====== Data excerpts

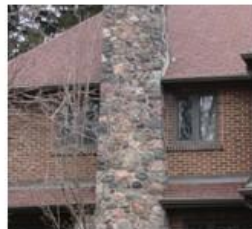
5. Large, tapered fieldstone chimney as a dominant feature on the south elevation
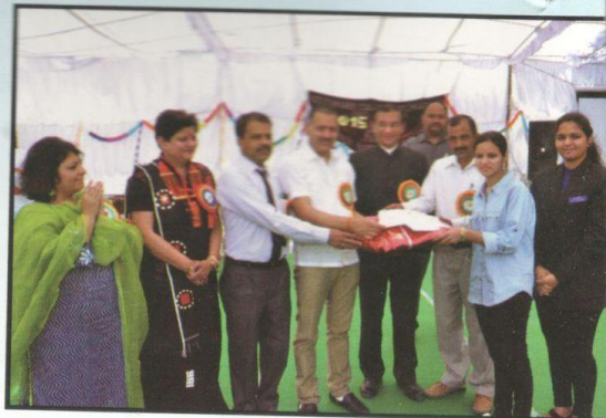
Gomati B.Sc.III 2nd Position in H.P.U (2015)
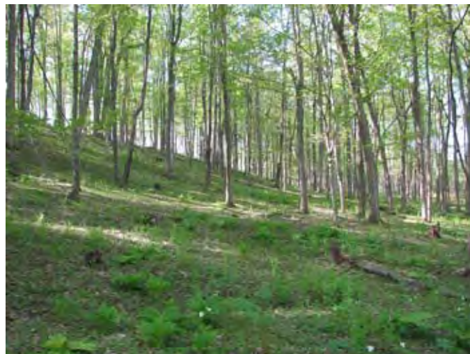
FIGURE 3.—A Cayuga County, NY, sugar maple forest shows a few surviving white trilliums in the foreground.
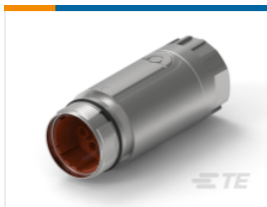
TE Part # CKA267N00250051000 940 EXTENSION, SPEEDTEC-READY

============
====== Data excerpts

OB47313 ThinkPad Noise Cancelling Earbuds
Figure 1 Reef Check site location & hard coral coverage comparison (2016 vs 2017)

============
====== Data excerpts

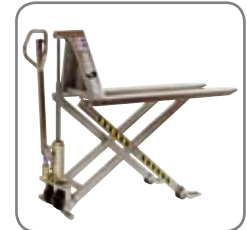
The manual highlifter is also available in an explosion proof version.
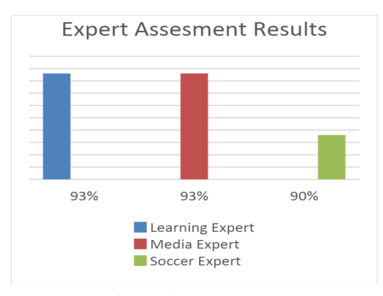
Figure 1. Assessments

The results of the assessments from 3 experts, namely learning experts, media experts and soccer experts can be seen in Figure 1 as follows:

============

Problem description: What is needed is an exact copy of the lines above, from the one containing "Figure 1. Assessments" through the one containing "The results of", with nothing added.

Task output:
Figure 1. Assessments

The results of the assessments from 3 experts, namely learning experts, media experts and soccer experts can be seen in Figure 1 as follows:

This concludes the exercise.